In a case stated by the judge at the request of the commissioner, under S. 37 (4) of the Workers' Compensation Act 1926-1948, the questions of law referred for the decision of the Supreme Court

(a) On the facts proved or admitted, did his Honour err in law in holding that the sum of £304 7s. 9d. paid by the commissioner to London under the provisions of S. 100B of the Government Railways Act 1912, as amended--particularly by Act No. 19 of 1936-was not deductible from the sum payable under S. 16 of the Workers' Compensation Act 1926-1929

(b) On the facts proved or admitted, should his Honour have held that the said sum of £304 7s. 9d. was deductible from the sum payable under S. 16, by virtue of S. 17 of the Workers' Compensation Act ?

(c) On the facts proved or admitted, should his Honour have made an award for the commissioner ?

The Full Court of the Supreme Court (Street C.J., Maxwell and Owen JJ.) held that the said sum of £304 7s. 9d. was not deductible from the lump sum payable under the Workers' Compensation Act.

From that decision the commissioner, by special leave, appealed to the High Court.

The relevant statutory provisions are sufficiently set forth in the judgment hereunder.

E. S. Miller K.C. and P. L. Head, for the appellant. J. H. McClemens K.C. and M. E. Pile, for the respondent.

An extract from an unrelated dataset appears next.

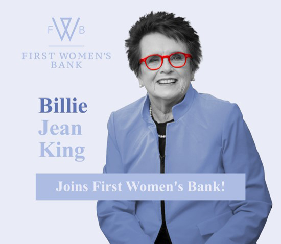 A critical step toward achieving gender equality is creating economic parity and financial inclusion, which requires closing the racial and gender gaps in access to capital. I look forward to joining First Women’s Bank as we work to bridge those gaps and empower women from all walks of life to reach their full potential.Billie Jean King, Strategic Advisor
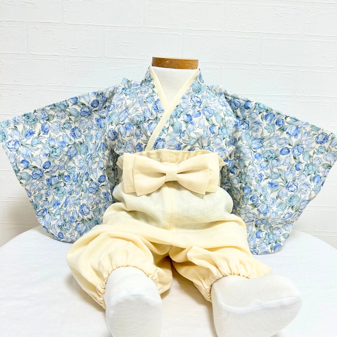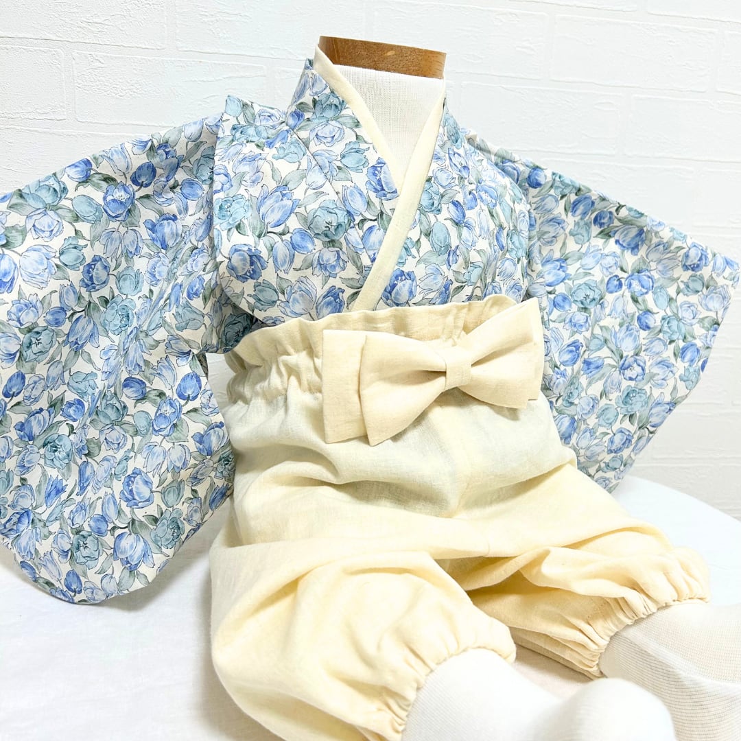 マリエッタブルーのベビー袴 お食い初め 100日祝い 初節句 出産祝い ベビー袴 キッズ袴 チューリップ ブルー 青

Cur. adv. vult. The Court delivered the following written judgment :- The question upon which the decision of this appeal depends concerns the second paragraph of S. 16 (2) of the Workers' Com- pensation Act 1926-1941 (N.S.W.), that is to say, the second paragraph in the form it took before S. 16 (2) was amended by Act No. 13 of 1942. The question is how that paragraph operates

1(1936) 53 W.N. (N.S.W.) 196.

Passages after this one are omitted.